Most of the veggies on our list won’t surprise you, except maybe the green pepper, but it’s the perfect example of cold weather gardening. We grew the peppers during the fall when the temperature was above 60*F (until the beginning of November). Now as long as the temperature is more than 30*F, and we keep them covered at night when the temperature is below 39*F to keep the frost away from the plant, they will survive. For the peppers in the garden, a row cover is handy. It now stays on the plants all the time. For Thanksgiving, we harvested the peppers in the garden (about a dozen) and left the 2 plants (another dozen) in the pots alone.

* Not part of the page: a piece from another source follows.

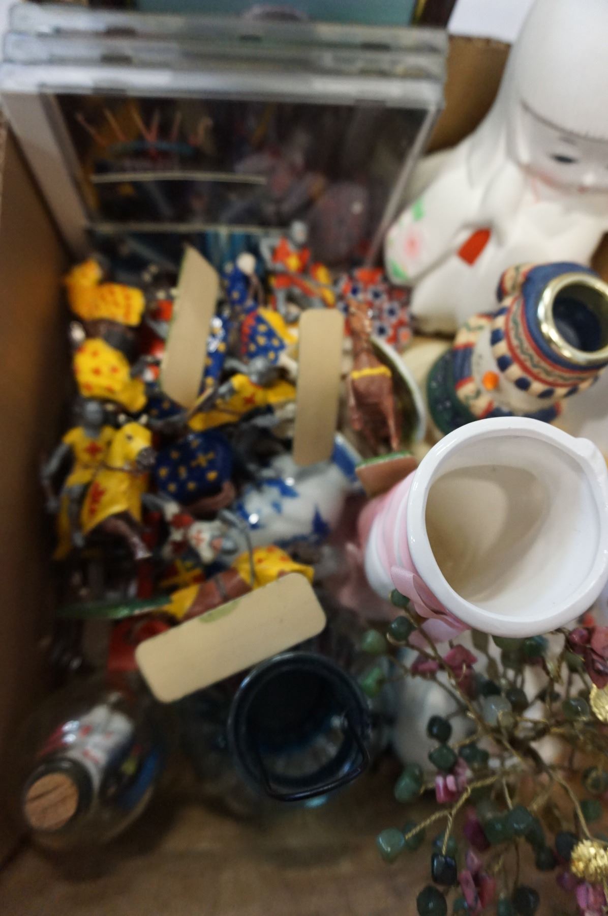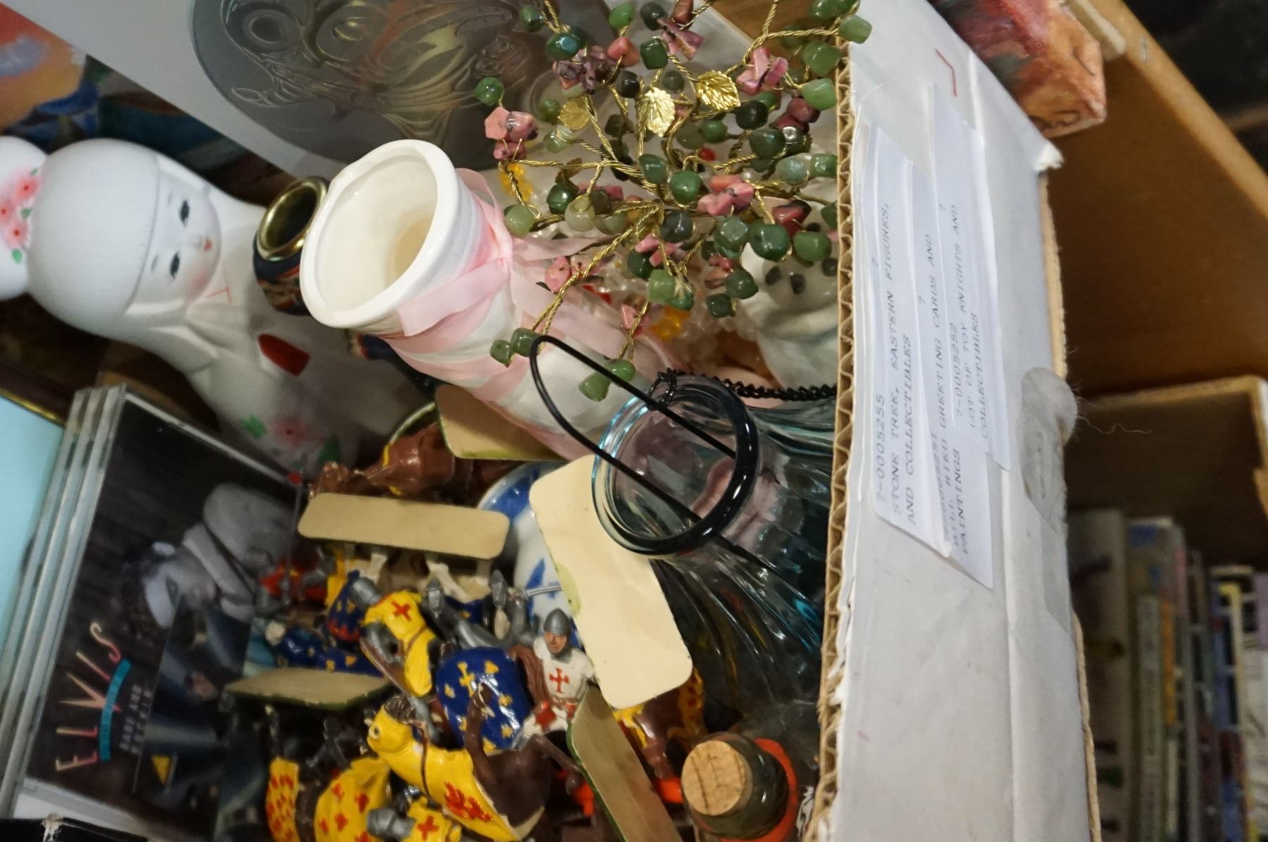 STONE TREE, EASTERN FIGURES, BILL RIED GREETING CARDS AND PAINTINGS AND TOY KNIGHTS AND COLLECTIBLES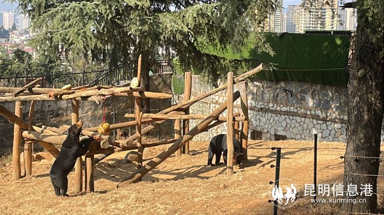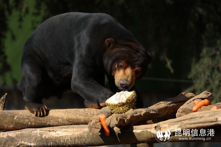 生活在东南亚和南亚一带的马来熊,是体型最小的熊科动物,生活在热带雨林中的它们喜食水果,所以园方选用了最具代表性的热带水果榴莲当作马来熊们的“特制元宵”。作为攀爬高手,它们轻松击落挂在爬架上的榴莲,用爪子掰开,大口大口吃了起来。

With some planning and preparation, it is possible to have a crop for fall/winter consumption or winter/spring consumption and even some crops will overwinter (a.k.a. hibernating). In the past we have had success in extending the scallions and peppers season and to overwinter broccoli under a plastic cover for an early spring harvest, but this year is the first time we really tried to push on the subject.

For help, we used one of the 3 techniques below.

Row cover. We used it on the peppers and now it’s broccoli time. We want to give the last head a chance to fully grow and we want to enjoy all the little side-sprouts from the 7 other plants. If we don’t harvest, the plant will go in hibernation.

To help the last scallions to reach maturity, we use a cold frame made with chicken wire and plastic wrap. We use the same protection that we use to protect the broccoli when overwintering.

For the green onions we use the double-covered bed technique. The onions are situated in a cold section of the garden and we want to keep the temperature near the ground higher than under a cold frame or row cover. With a double coverage, it can be possible to grow half-hardy to hardy vegetable all winter. The greenhouse is about 3’x 4’ and cost me less than 30$ (2010) in material.

My goal during the last 5 years was always to have fresh veggies for Thanksgiving. Often we ended the season around mid-November. This year, we harvested veggies on Thanksgiving day.

I was inspired for the cold weather gardening by Eliot Coleman’s book : Four-season Harvest

3 Comments on “Cold weather gardening

  1. Garden on, Nicolas. I'm really impressed by the PVC frames you've made. I've been thinking of making several, and your photos will help me shape up my “design.” Thank you.


  2. This is the first year I tried extending the garden produce. We have turnips, carrots and spinach growing under row covers. Have you tried over wintering turnips?


  3. I think you're on to something there, McArtor. Last week I pulled up some much-overgrown turnips, but not because the heavy frosts had killed them. They were growing nicely in fact. With row covers, I suspect you could keep turnips growing for most of the winter, perhaps all. I hope you or Nicolas tries it. If you do, please post future blogs or comments.